Октября 2-го 1830 г.

Со вчерашнего дня Москва заперта; в течение 12 дней ее покинуло 60 тысяч человек. Теперь никто не выедет и не въедет без нового распоряжения…

[Из письма Кристина к граф. С. А. Бобринской. «Русский Архив», 1884 г., кн. 3, стр. 141]

СМЕРТЬ

Закат горит огнистой полосою.

Любуюсь им безмолвно под окном,

Быть может, завтра он заблещет надо мною —

Безжизненным, холодным мертвецом.

Одна лишь дума в сердце опустелом —

То мысль о ней… О, далеко она,

И над моим недвижным, бледным телом

Не упадет слеза ее одна!

Ни друг, ни брат прощальными устами

Не поцелуют здесь моих ланит,

И сожаленью чуждыми руками

В сырую землю буду я зарыт.

Мой дух утонет в бездне бесконечной!..

Но ты… О! пожалей о мне, краса моя!

Никто не мог тебя любить, как я,

Так пламенно и так чистосердечно.

1830 г., октября 9.

Москва.

[Лермонтов. Акад. изд., т. I, стр. 158]

1.

Чума явилась в наш предел.

Хоть страхом сердце стеснено,

Из миллиона мертвых тел

Мне будет дорого одно.

Его земле не отдадут,

И крест его не осенит,

И пламень, где его сожгут,

Навек мне сердце охладит.

2.

Никто не прикоснется к ней,

Чтоб облегчить последний миг.

Уста волшебницы очей

Не приманит к себе других.

Лобзая их, я б был счастлив,

Когда б в себя яд смерти впил,

Затем, что, сладость их испив,

Я деву некогда забыл.

1830 г.

[Лермонтов. Акад. изд., т. I, стр. 151–152]


Нет, графиня, пяти студентов университета не умирало, Умер всего один жертвою своей невоздержности, пьянства и разврата. Из-за этого поднялась тревога, и лекции прекращены.

[Из письма Кристина к граф. С. А. Бобринской. «Русский Архив», 1884 г., кн. 3, стр. 142]


Если у вас целы все «Ведомости», попробуйте подвести итог, что не совсем легко, благодаря их путанице.
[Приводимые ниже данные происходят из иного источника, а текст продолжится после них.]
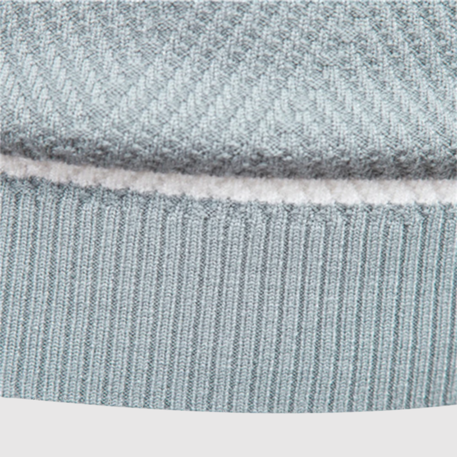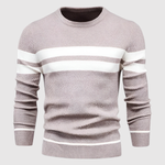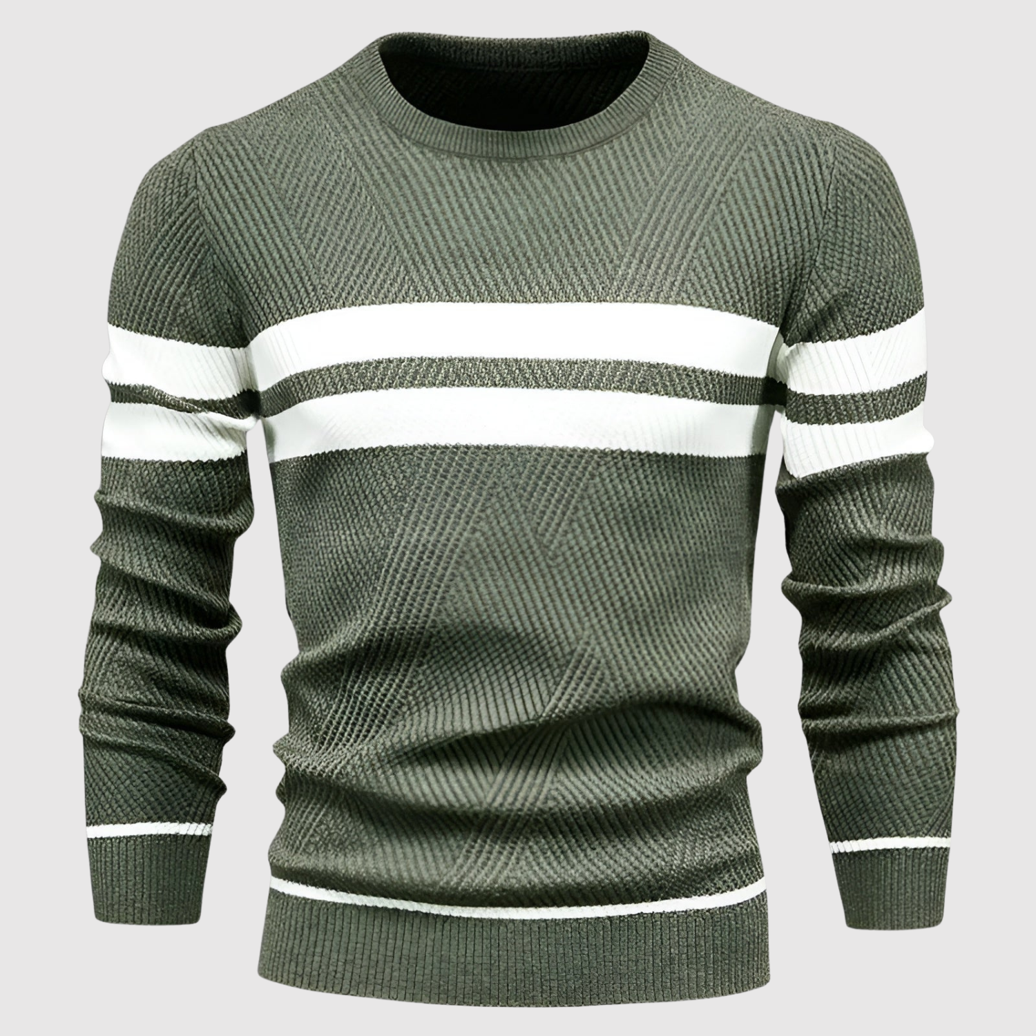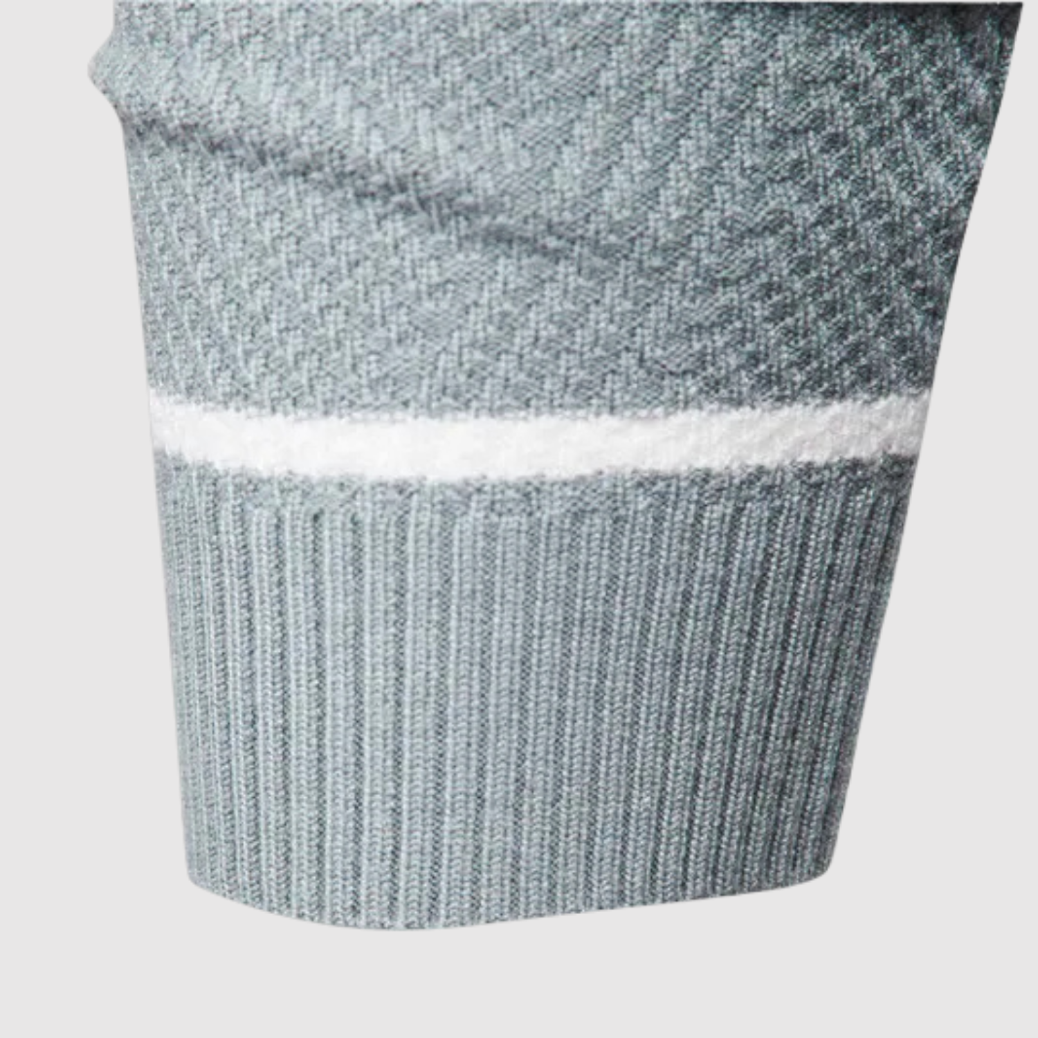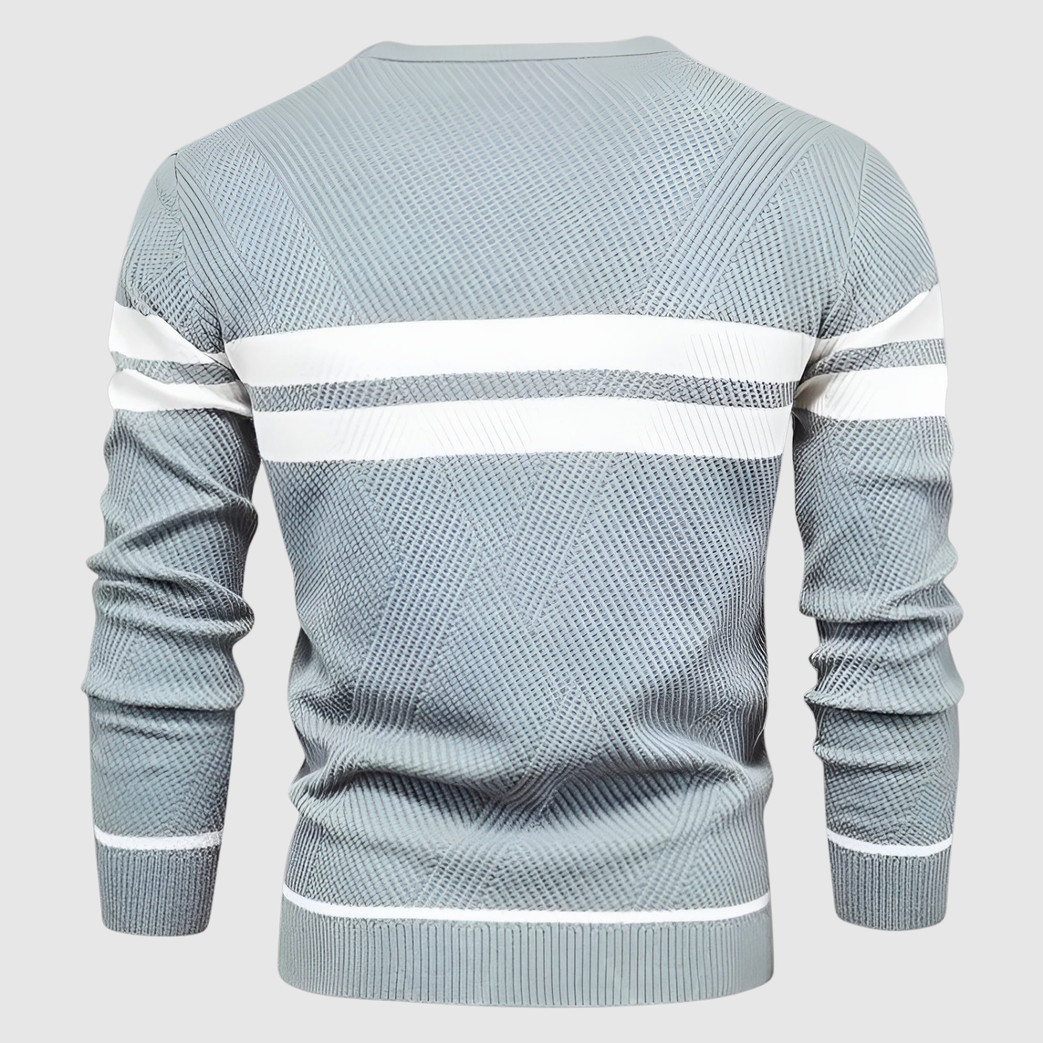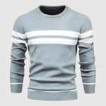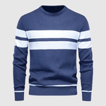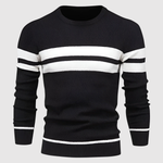 Objevte náš moderní pulovr z měkkého úpletu, který se pyšní výraznými bílými kontrastními pruhy na hrudi a rukávech. Tento design kombinuje nadčasový styl se sportovní elegancí, což ho činí univerzálním kouskem pro každodenní nošení a méně formální příležitosti.

Во всяком случае насчитается от четырех до пятисот умерших; из них, может быть, только десятая часть померли от холеры, остальные внесены для умножения числа. К концу наберутся тысячи, потому что непременно нужно показать усердие.

[Из письма Кристина к граф. С. А. Бобринской, «Русский Архив», 1884 г., кн. 3, стр. 143]


Арсеньева получила известие о погибели брата своего, Николая Алексеевича Столыпина, растерзанного в Севастополе рассвирепевшею толпой, собственно толпою женщин.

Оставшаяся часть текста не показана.